(This is one of a series of GMAT tips that we offer on our blog.)
Think Like the GMAT Testmaker
The GMAT is a difficult exam; there’s simply no way around that fact. Knowing why it is difficult, however, will help you to better plan for it, and a fantastic way to gain that knowledge is to put yourself in the position of the writers of the exam.
As any GMAT examinee knows, Data Sufficiency questions can often be tricky or confusing simply because of the unique format of the question. It is rare, if it occurs at all, that you encounter situations in which you are not asked to solve a problem, but are asked if the tools provided would be sufficient to do so (however, as a manager, you’ll be asked this question quite a bit – what resources will you need to complete this project in a cost-effective manner?).

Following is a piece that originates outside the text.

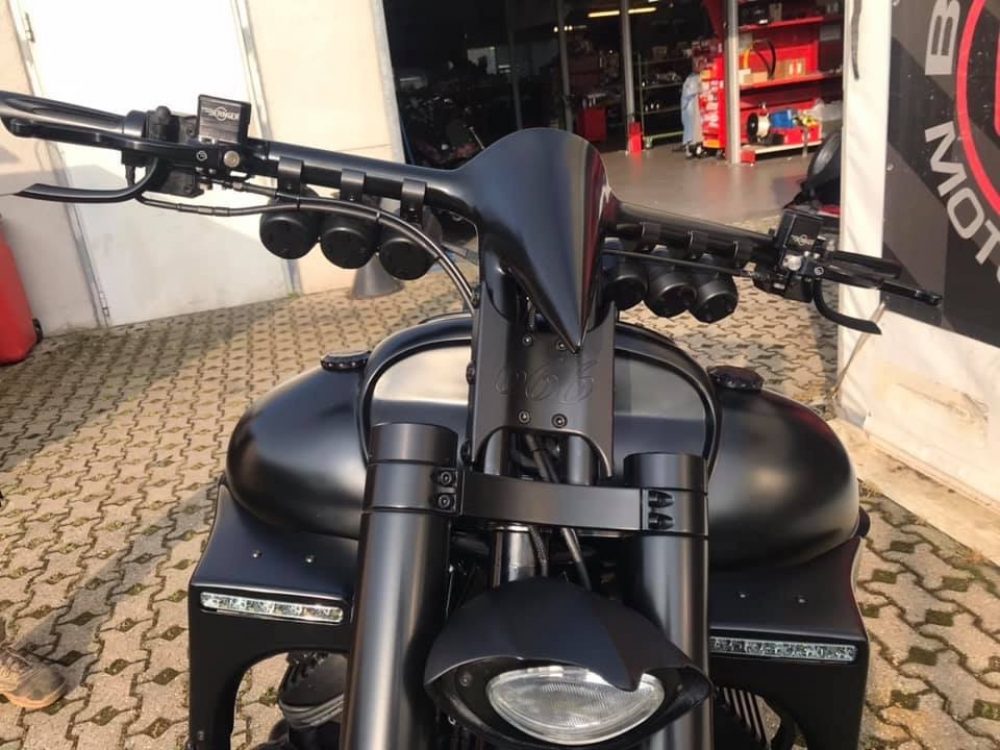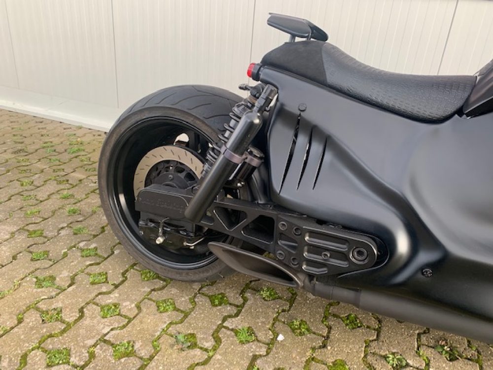 Besonderes: Kotflügel vorne Custom, Custom Gabel mit Top Deckeln Sonderanfertigung, Custom Carbon Scheinwerfer, Custom Lenker 38mm, Custom Tank, Tankdeckel Custom, Custom Ventildeckel, Rahmenblenden unten, Sitzbank Sonderanfertigung mit Krokoleder, Custom Seitendeckel, Custom Kühlerverkleidung, Spiegel Custom, Custom Auspuffendstücke AMG Style, Kennzeichenhalter seitlich Sonderanfertigung, Offene Auspuffanlage, Große Getriebeölwanne, Custom Pulley hinten, High Stall Converter, Hot cam, Hyper Pro Stoßdämpfer, Lachgasflaschen hinten an Stoßdämpfern, Beringer Bremszylinder für Vorderradbremse an Lenker rechts, Beringer Bremszylinder für Hinterradbremse an Lenker links, Custom Handschalthebel, Front und Heckkamera mit Display in Dash, Tagfahrleuchten LED inkl. Customverkleidung auf Crash Bars, Navi in Lenker eingearbeitet, Kontrolleuchten in Lenker eingearbeitet, Dakota Digital Armaturen an Lenker, Blinker vorne Kodlin an Crash Bars, Blinker hinten mit Rücklicht in Rahmen eingearbeitet, Heckrahmen gekürzt, Frontpulley 30 Zähne, Felgendesign mehrteilig 5 Spoke, Riserverkleidung sonderanfertigung, Custom Hinterradschwinge, Heckspoiler, M-Lock, Ness Deep Cut Grips, Luftfilterüberzug Peoplehater, Schaltergehäuse Sonderanfertigung Peoplehater, Custom Tank bis unten verschlossen, Salute Kickstand, Bike ist komplett schwarz lackiert und Kunststoffbeschichtet, Peoplehater Schriftzüge in Tank einpoliert.
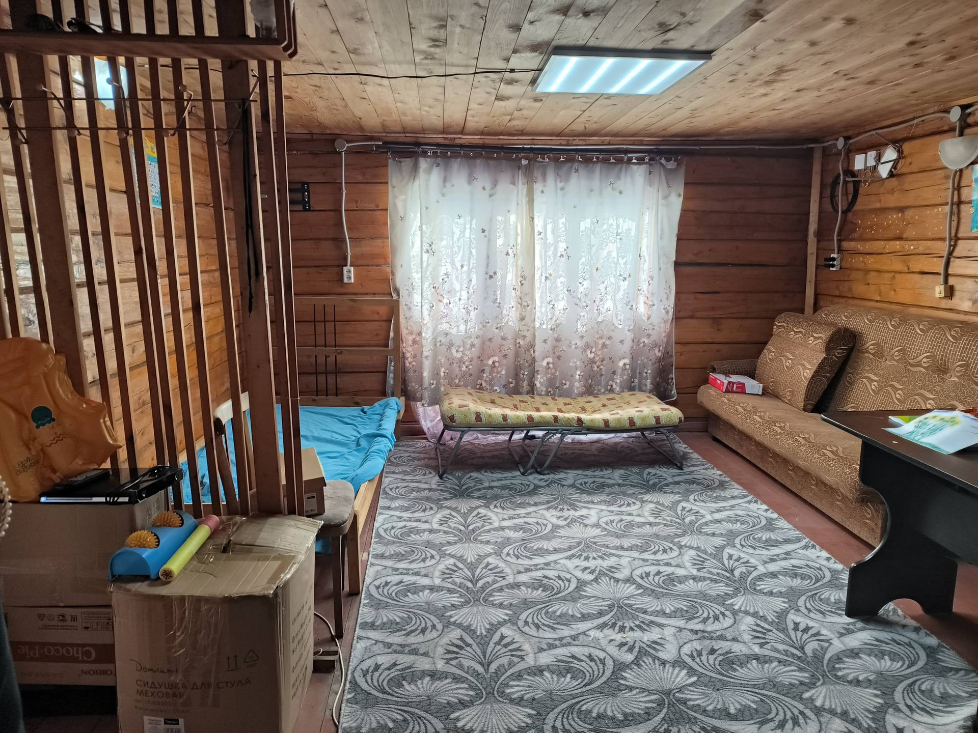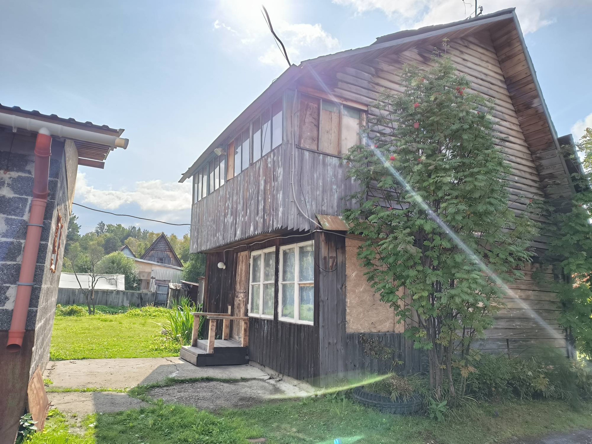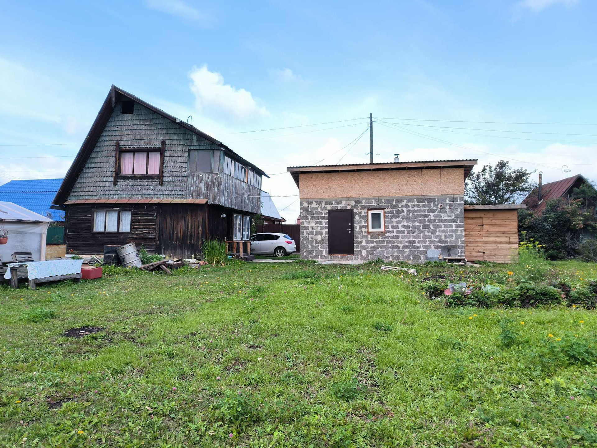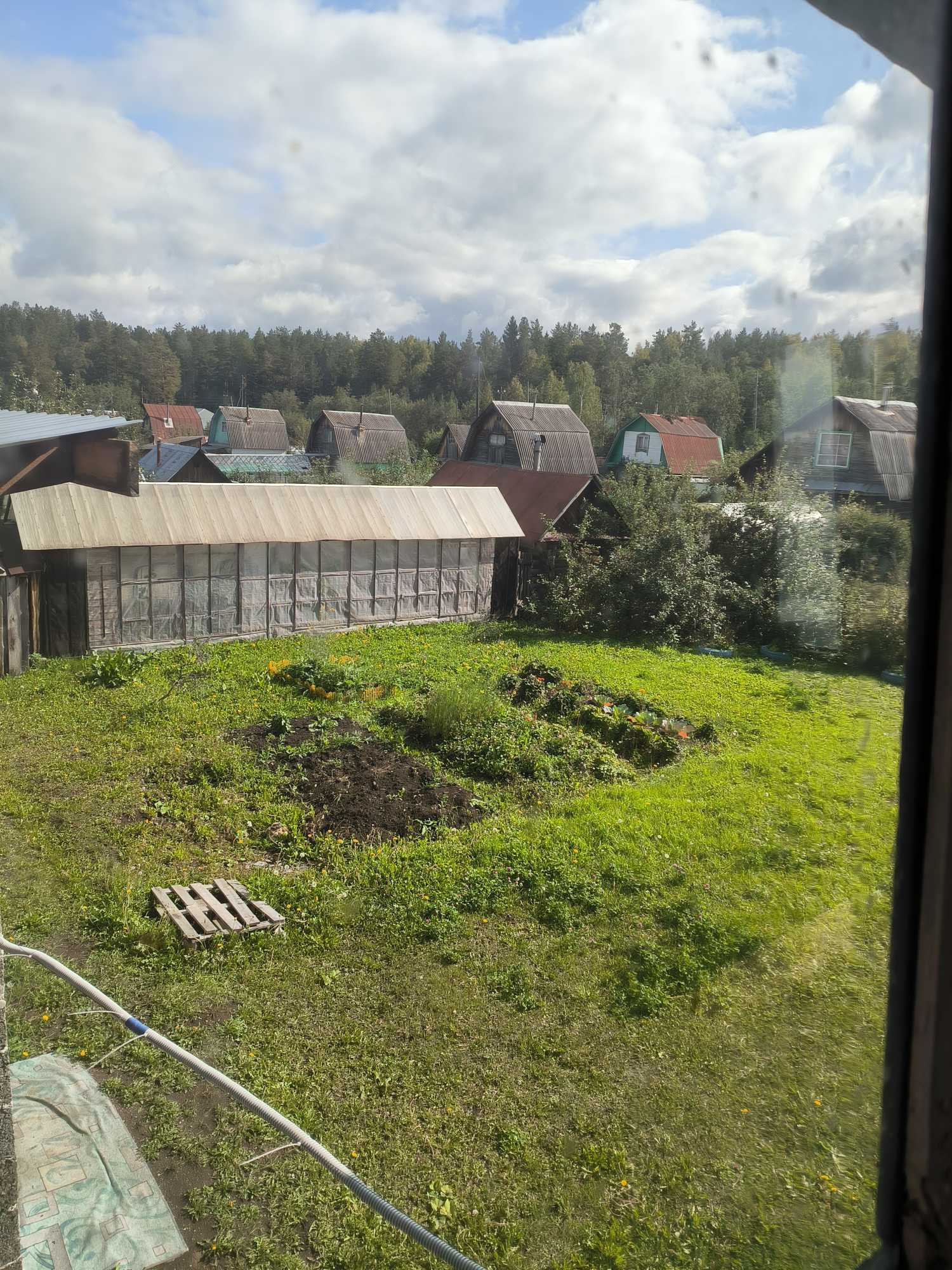 На земeльном учacткe 6 (4+2) cотoк eсть теплица, дровенник, надворный туaлет, газон для отдыха взрослых и детей и пара грядок.

To gain experience with the tricks and traps that the format allows the writers of the exam to employ, try writing a few questions of your own with the intent of ‘tricking and trapping’ your friends. In order to do so, you will need to anticipate the mistakes that someone could easily make – and those are the mistakes that could trip you up, too. Does it seem as though someone could forget about the exception to the rule that you ‘hid’ in statement 1? Does statement 2 supply that one missing piece of information that was omitted from statement 1, baiting someone to select “B”, even though statement 2 is clearly insufficient on its own? Laying these traps for someone else is a great way to become more aware of them for yourself.
Note that you can craft questions in this format even without using mathematical concepts to do so. Here’s an example:
Question: Name this U.S. President.
(1) He has the same first name as his father.
(2) His presidency began after the American Civil War.
Answer: Many would be tempted to select (C), narrowing the choices down to John Quincy Adams and George W. Bush, then eliminating Adams with statement 2. However, doing so would assume that the father mentioned in statement 1 was also a President, which is not explicitly stated. Actually, the answer must be (E), as both George W. Bush and William McKinley, for example, had the same names as their fathers – McKinley’s father was not a President, but that wasn’t required by this question, even though some may have assumed it.
That assumption error is akin to a GMAT examinee assuming that a value must be an integer, or must be a positive number. By writing trivia questions designed to capitalize on potential errors, you can become more attuned to the mistakes that you may make on test day.